Martin explained that prior to CAR-T cell therapy, patients receive chemotherapy that suppresses the immune system to create room for the incoming T cells, also contributing to the ongoing immunosuppression. But it is necessary for T-cell expansion and allows the T cells to better kill the myeloma.

“I tell people that the initial chemotherapy acts to rid the ‘immune bunkers’ that are sitting all over your body and in lymph nodes, bone marrow, etc., to make space for those CAR-T cells, which grow and amplify in those bunkers and then kill the myeloma cells,” Martin said. “We have to do this chemotherapy, but it also makes people’s immune system quite low.”
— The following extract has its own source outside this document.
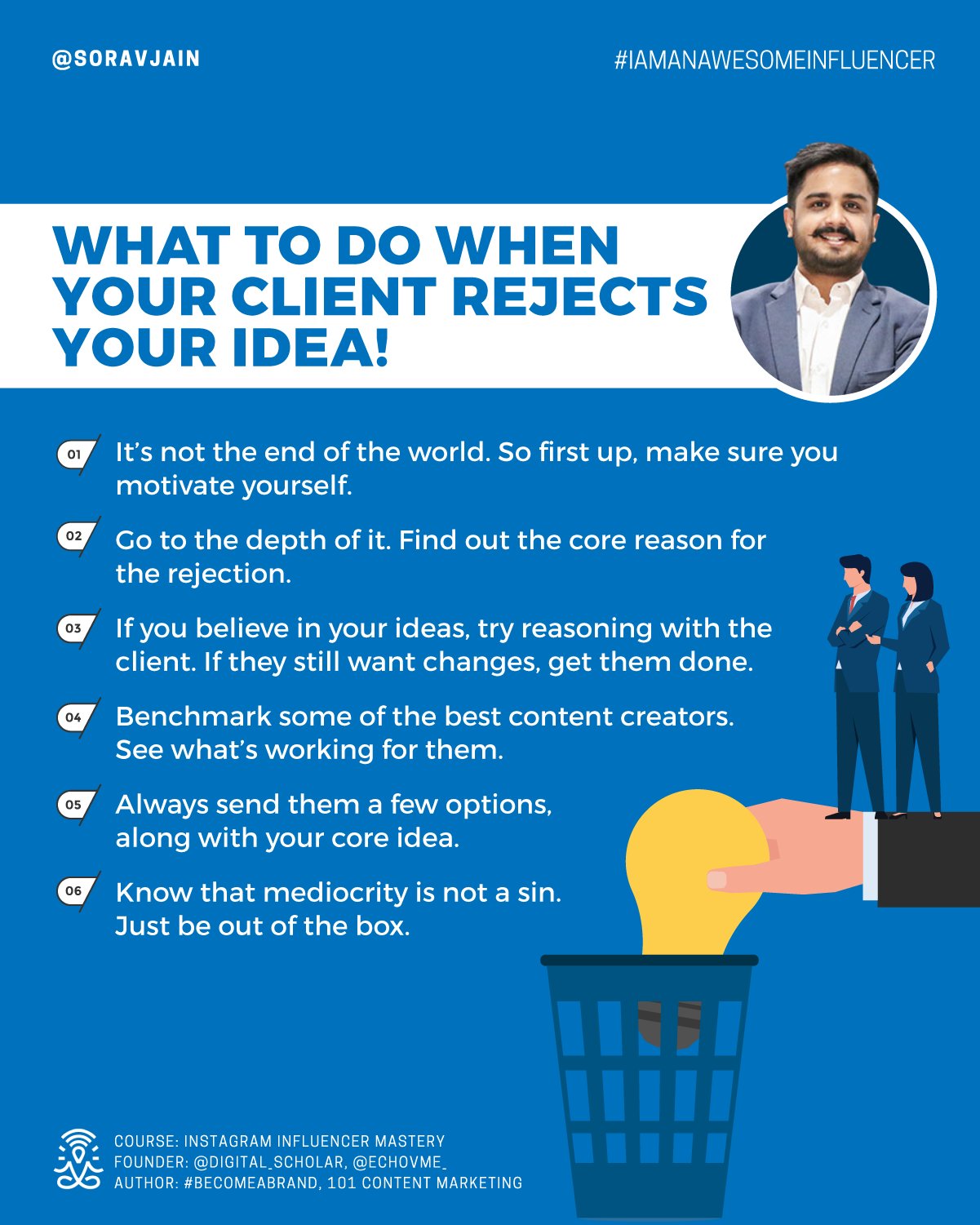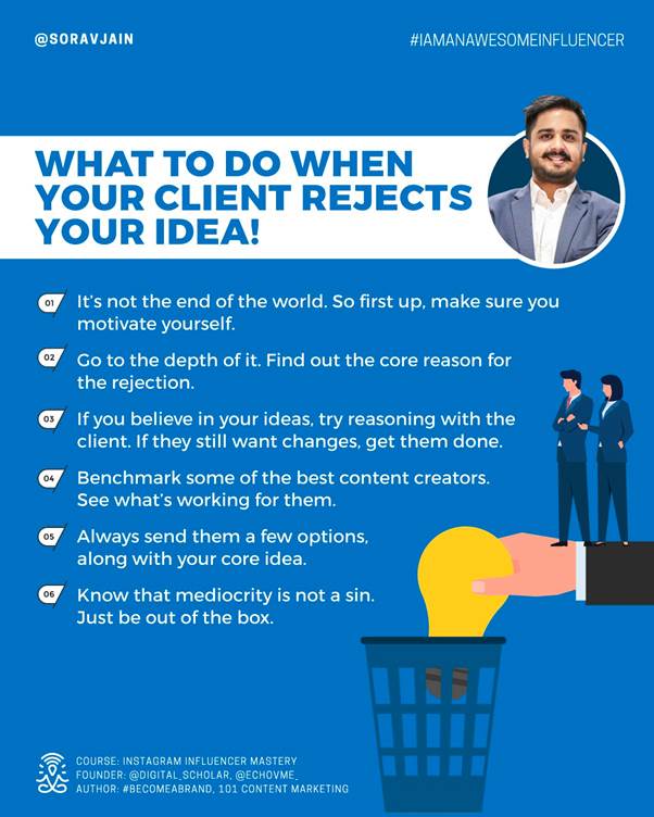Client needs may frequently change based on company requirements as per budget or skills or the existing client-freelancer relationship. Rejection may be frequent, but the trick to surviving is not to take any such situation to heart.

When CAR-T cells are given, they are strictly focused on targeting myeloma, not other infections such as the flu or COVID-19. Additionally, the CAR Ts can knock off normal plasma cells, and these cells make antibodies to protect one’s body against viruses. Many of these patients require supplemental intravenous gamma globulin infusions (IVIG) in the first six months of CAR-T cell therapy and will also utilize antibiotics to help prevent a shingles reactivation or pneumonia.
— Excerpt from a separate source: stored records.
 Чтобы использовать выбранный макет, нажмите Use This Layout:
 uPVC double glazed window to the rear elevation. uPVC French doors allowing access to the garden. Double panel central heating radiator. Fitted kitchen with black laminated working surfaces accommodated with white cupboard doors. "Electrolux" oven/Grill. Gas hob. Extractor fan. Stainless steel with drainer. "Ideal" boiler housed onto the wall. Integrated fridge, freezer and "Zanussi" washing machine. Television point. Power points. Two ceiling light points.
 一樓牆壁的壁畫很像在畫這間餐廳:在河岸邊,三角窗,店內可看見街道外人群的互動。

“The first three to six months after a CAR-T (therapy), people are at risk for infection and we want them to just be careful. ... Patients feel well and feel like doing a lot of stuff, but in today’s world, they have to focus on being safe and staying local. ... Patients can certainly go outside, can still exercise and spend time with family but need to discuss additional freedoms with their CAR-T cell providers,” he said.


One downside to CAR-T cell therapy is that it is recommended that patients visit a cancer center with experience in administering these treatments. There are only 70 to 100 of those in the United States, so not everyone has access to it, Martin said. It’s also not an “off-the-shelf” therapy; thus, it takes time to prepare and manufacture the CAR-T cells. In fact, it could take up to four to six weeks, and some patients cannot wait that long for this therapy.

However, Martin said, this is not the only therapy that is performing well in this patient population, and there is much to look forward to.

“What’s exciting is that now we (have) many other immune therapeutics that are being developed in this patient population. Many are being tested in phase 1 trials, but several have progressed to phase 2. Most exciting are the T-cell-engaging antibodies, where one arm of the antibody targets and anchors
the antibody to a protein on themyeloma cell surface like BCMA, and the other arm binds to and activates T cells in the local environment. The activated T cells kill the myeloma cells. These agents are showing remarkable responses and thus optimism for their use” he said.

He said these other therapies can take the place of CAR-T cell therapy, especially for those who don’t have access or may not be fit enough for CAR-T cell therapy. Early results suggest that patients can still achieve a deep remission with these T-cell- engaging or bispecific antibodies.

Martin remains very optimistic about the future of multiple myeloma treatment because of these early positive results. All the currently approved drugs for multiple myeloma have previously shown single-agent responses rates between 20% and 30%; that was the previous bar for drug development, Martin said. So, to have this CAR-T cell therapy show responses rates greater than 90% as a single agent is a big advance for myeloma. Other studies testing different CAR-T’s have also demon- strated good results with response rates between 80% and 90%. He also highlighted bispecific T-cell-engaging antibodies, which are demonstrating single-agent response rates between 55% and 85%.

“This is a whole new level of activity with all of these new drugs and therapies,” he added.

Martin explained that when they test these drugs in patients with refractory disease and it works so well, they want to bring it to earlier lines of therapy. So, these drugs are now being used in patients who previously received one to three lines of therapy, and soon they will be tested in newly diagnosed multiple myeloma, he said. Martin noted the future is quite bright for these therapeutics throughout the myeloma treatment continuum.

“I don’t think there’s ever been a time in myeloma therapy where we have such optimism for our next generation of drugs,” he concluded.